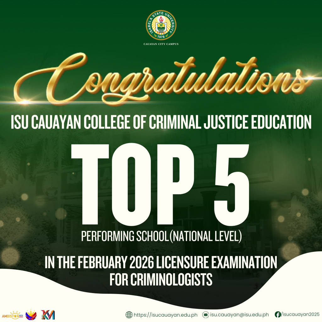 Congratulations to the newly registered criminologists and to the entire ISU Cauayan College of Criminal Justice Education community for setting a high-water mark worthy of emulation.
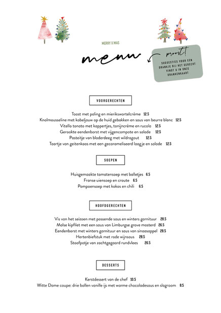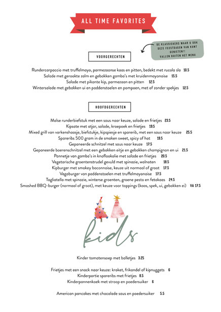 Aansluitend starten we met het Kerstdiner, reserveren kan vanaf 15 uur. We bieden ter plaatse keuze uit ons Kerstmenu of de aangepaste normale menukaart (zie hieronder). Groepen vanaf 10 personen vragen we om vooraf de keuzes door te geven.
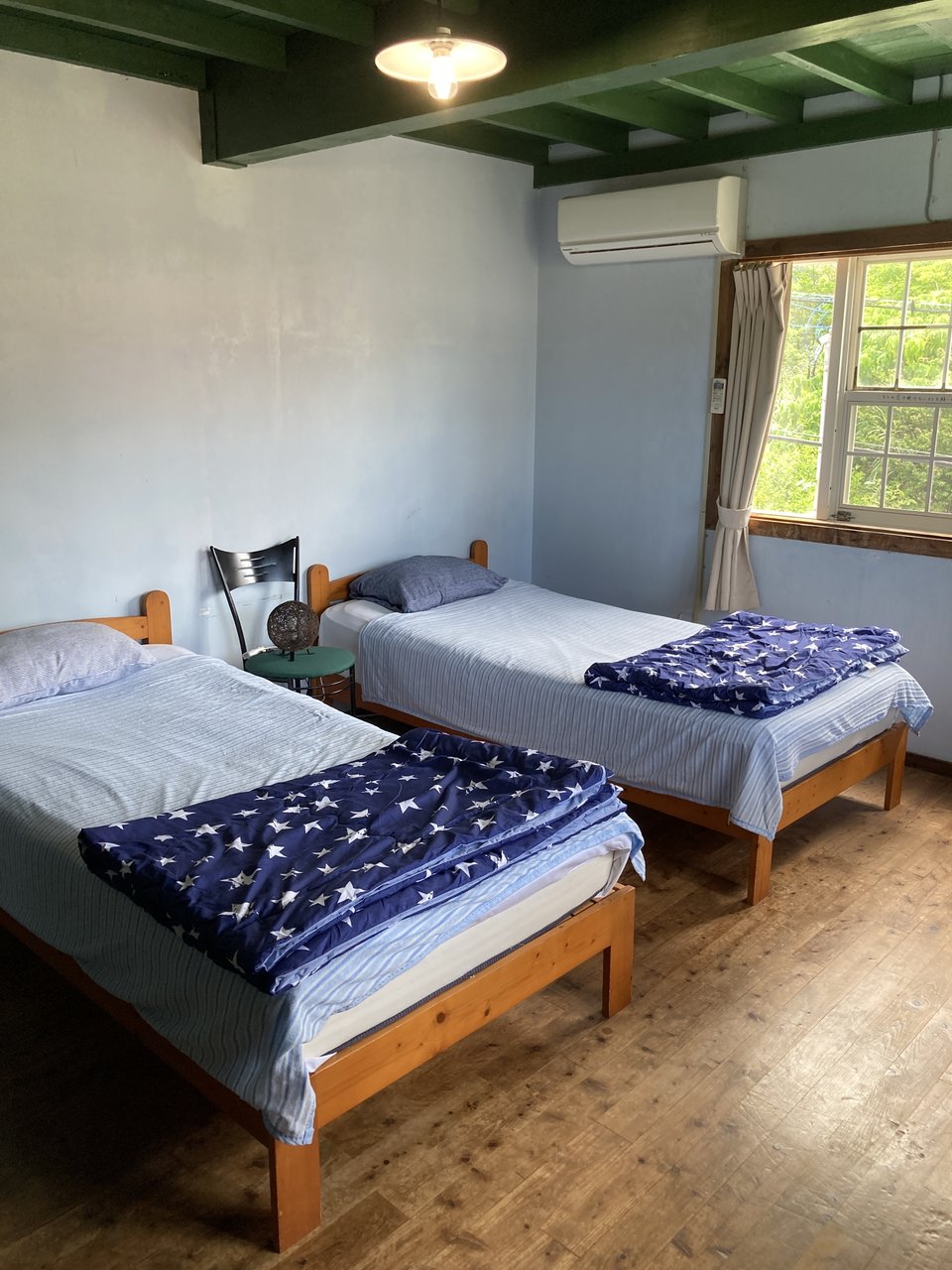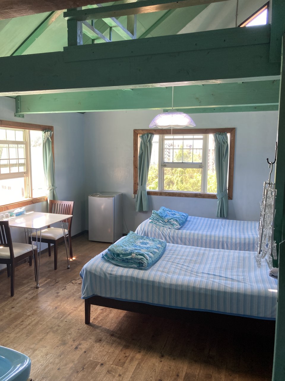 洋館づくりの建物で客室は天井が高く、ロフト付きのツインベットの客室になっています。
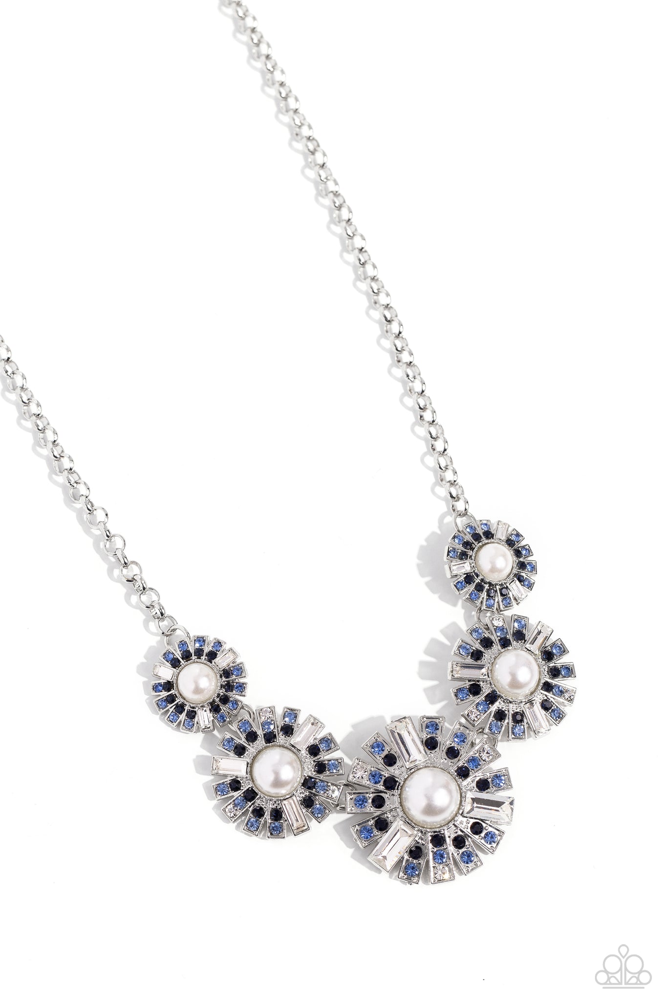 Sleek metal bars flare out from a mesmerizing pearl center, creating a blue and white stacked rhinestone-encrusted fringe of fanning frames. A trio of emerald-cut white gem bars are sprinkled across each dazzling display for a sassy finish. Features an adjustable clasp closure.
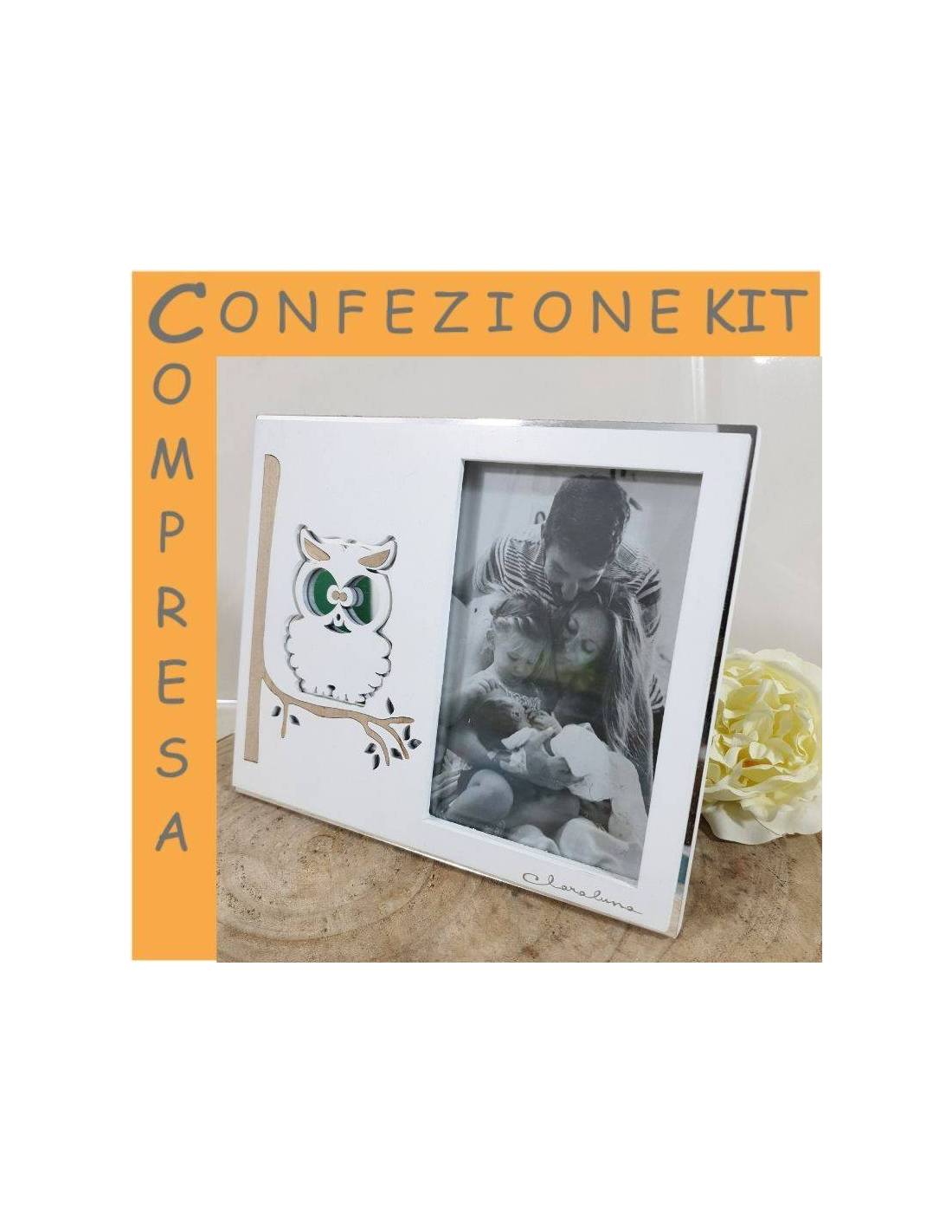 Quadretto Claraluna bomboniera per fotografie da ricordare con gufo portafortuna
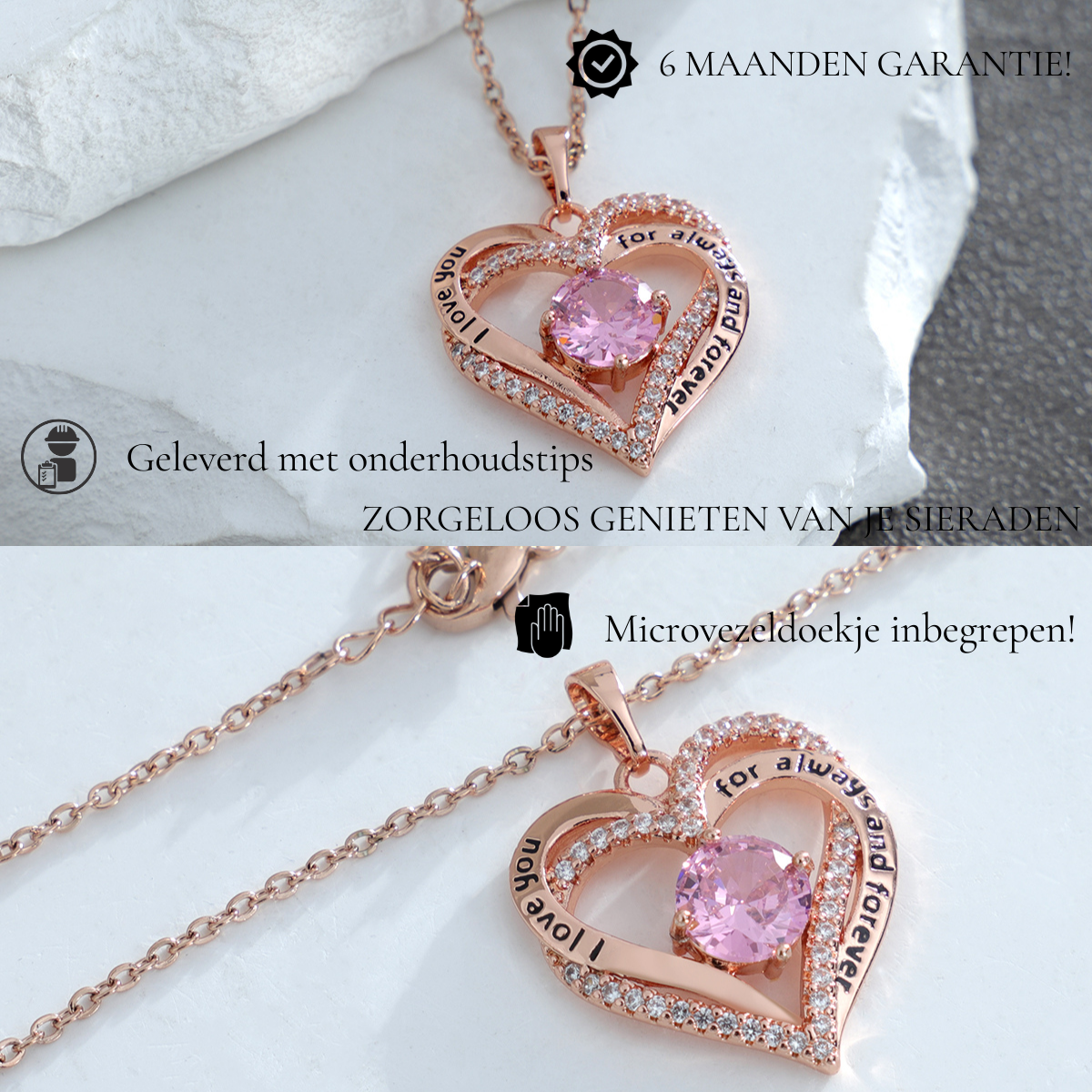 Houd uw sieraden stralend door ze regelmatig schoon te maken met de meegeleverde microvezeldoek van Juwelium. Dit verwijdert vuil en geeft uw sieraden hun maximale glans terug.

§

Starting with the line containing "Sleek metal bars" and ending with the last line of the records above, write out each line exactly; no pictures.

 Sleek metal bars flare out from a mesmerizing pearl center, creating a blue and white stacked rhinestone-encrusted fringe of fanning frames. A trio of emerald-cut white gem bars are sprinkled across each dazzling display for a sassy finish. Features an adjustable clasp closure.
 Quadretto Claraluna bomboniera per fotografie da ricordare con gufo portafortuna
 Houd uw sieraden stralend door ze regelmatig schoon te maken met de meegeleverde microvezeldoek van Juwelium. Dit verwijdert vuil en geeft uw sieraden hun maximale glans terug.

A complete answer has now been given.